## DATA BELOW:
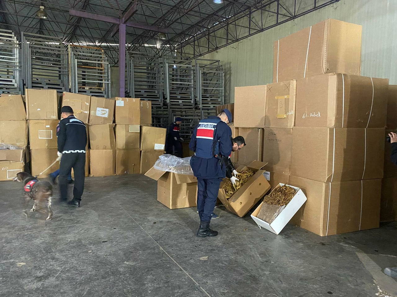 Teknik ve fiziki takibin ardından depoya düzenlenen operasyonda, 39 ton 601 kilo kaçak tütün ele geçirildi.
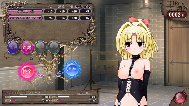 調教ではこのように『淫猥』『淫虐』『奉悦』『誓約』と言う4つの項目がございます。
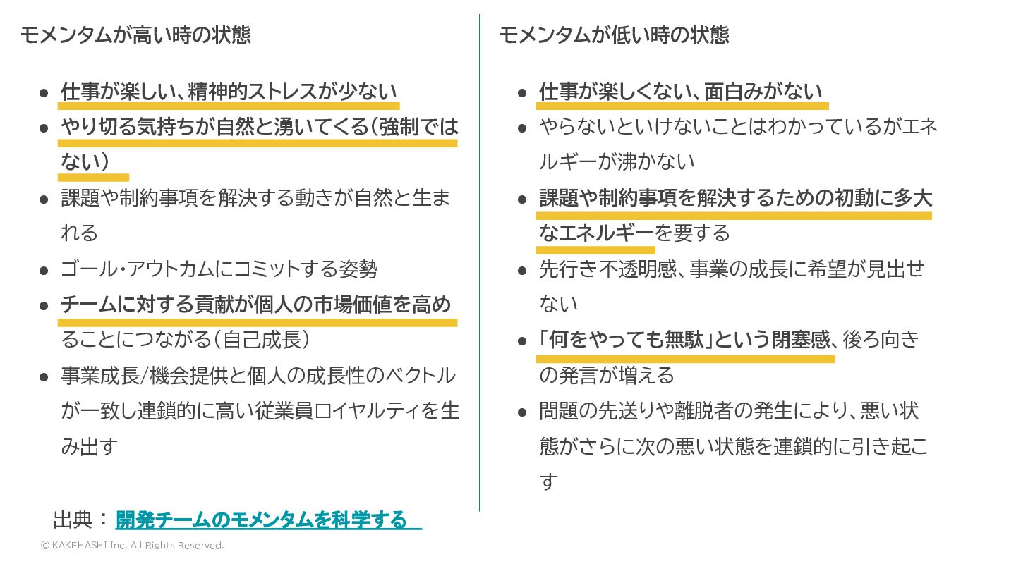 ルギーが沸かない • 課題や制約事項を解決するための初動に多大 なエネルギーを要する • 先行き不透明感、事業の成長に希望が見出せ ない • 「何をやっても無駄」という閉塞感、後ろ向き の発言が増える • 問題の先送りや離脱者の発生により、悪い状 態がさらに次の悪い状態を連鎖的に引き起こ す 出典 : 開発チームのモメンタムを科学する モメンタムが高い時の状態 モメンタムが低い時の状態 • 仕事が楽しい、精神的ストレスが少ない • やり切る気持ちが自然と湧いてくる(強制では ない) • 課題や制約事項を解決する動きが自然と生ま れる • ゴール・アウトカムにコミットする姿勢 • チームに対する貢献が個人の市場価値を高め ることにつながる(自己成長) • 事業成長/機会提供と個人の成長性のベクトル が一致し連鎖的に高い従業員ロイヤルティを生 み出す
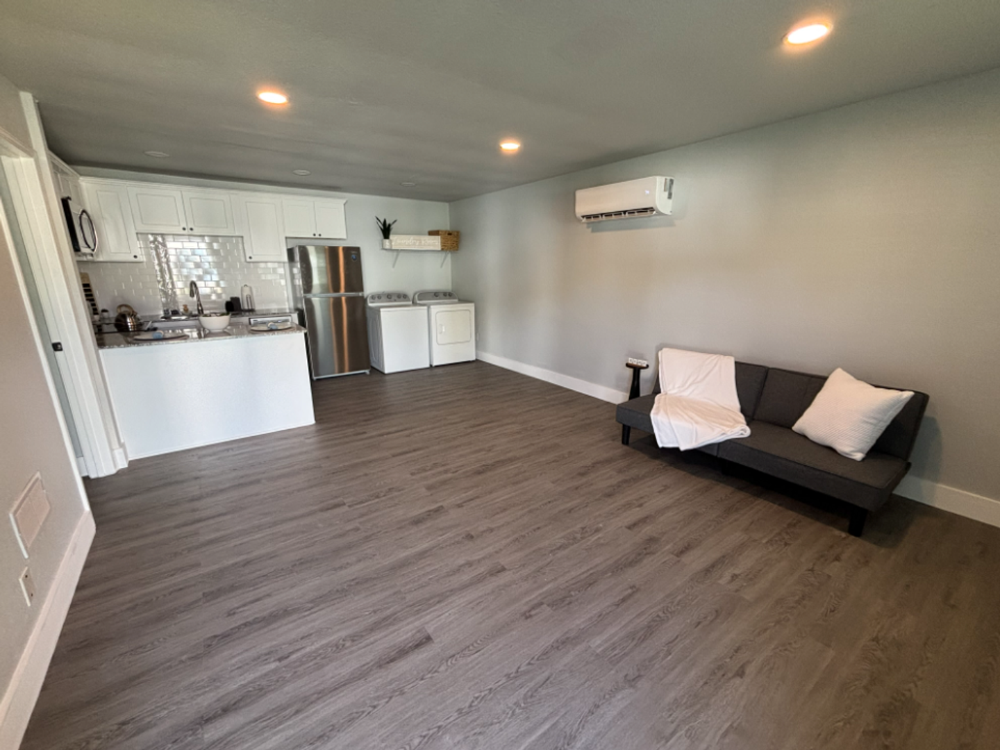 This unit is staged. Furniture will not stay.

## HOW TO COMPLETE THIS TASK:
Print the material in full and exactly; the pictures must not be printed.

## RESPONSE TO THE EXERCISE:
 Teknik ve fiziki takibin ardından depoya düzenlenen operasyonda, 39 ton 601 kilo kaçak tütün ele geçirildi.
 調教ではこのように『淫猥』『淫虐』『奉悦』『誓約』と言う4つの項目がございます。
 ルギーが沸かない • 課題や制約事項を解決するための初動に多大 なエネルギーを要する • 先行き不透明感、事業の成長に希望が見出せ ない • 「何をやっても無駄」という閉塞感、後ろ向き の発言が増える • 問題の先送りや離脱者の発生により、悪い状 態がさらに次の悪い状態を連鎖的に引き起こ す 出典 : 開発チームのモメンタムを科学する モメンタムが高い時の状態 モメンタムが低い時の状態 • 仕事が楽しい、精神的ストレスが少ない • やり切る気持ちが自然と湧いてくる(強制では ない) • 課題や制約事項を解決する動きが自然と生ま れる • ゴール・アウトカムにコミットする姿勢 • チームに対する貢献が個人の市場価値を高め ることにつながる(自己成長) • 事業成長/機会提供と個人の成長性のベクトル が一致し連鎖的に高い従業員ロイヤルティを生 み出す
 This unit is staged. Furniture will not stay.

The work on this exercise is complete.